======== AVAILABLE DATA ========

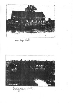 [These are pictures in the document that while not labelled as such I have since been able to identity are of Bedgreave Mill itself. Clearer versions of some these pictures are also available elsewhere on the internet, and some of them reproduced later in this transcription, but the 'originals' from the transcribed document are included here for completeness.]
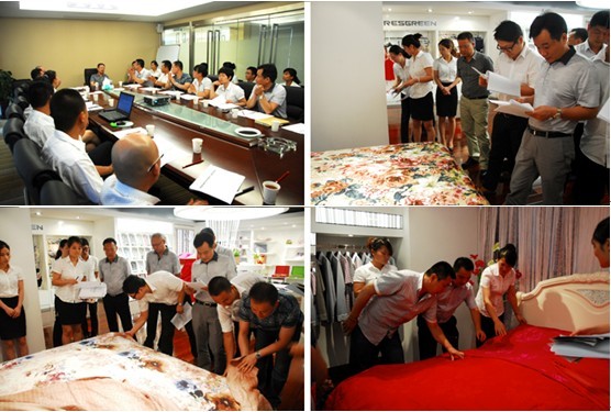 2013年7月4日下午,绿之韵生态纺织“2013— 2014春夏/秋冬新品研讨会”在公司召开,湖南绿之韵生态纺织科技股份有限公司总裁刘尚线、执行总裁牛超、副总裁邵兵及部分员工参加了会议。本次新品研讨会主要通过对2013秋冬及2014春夏产品的展示,精选出当季主打产品。
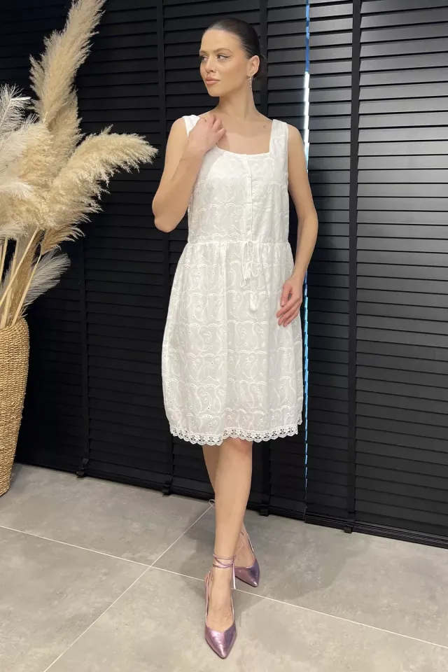 فستان ميدي كتان بربطات جانبية وياقة دائرية، مثالي للحركة المريحة والتنسيق اليومي العملي.

========

* _YOUR GOAL_
A verbatim transcription of the listing is expected, with no pictures included.

* _WRITTEN RESPONSE_
 [These are pictures in the document that while not labelled as such I have since been able to identity are of Bedgreave Mill itself. Clearer versions of some these pictures are also available elsewhere on the internet, and some of them reproduced later in this transcription, but the 'originals' from the transcribed document are included here for completeness.]
 2013年7月4日下午,绿之韵生态纺织“2013— 2014春夏/秋冬新品研讨会”在公司召开,湖南绿之韵生态纺织科技股份有限公司总裁刘尚线、执行总裁牛超、副总裁邵兵及部分员工参加了会议。本次新品研讨会主要通过对2013秋冬及2014春夏产品的展示,精选出当季主打产品。
 فستان ميدي كتان بربطات جانبية وياقة دائرية، مثالي للحركة المريحة والتنسيق اليومي العملي.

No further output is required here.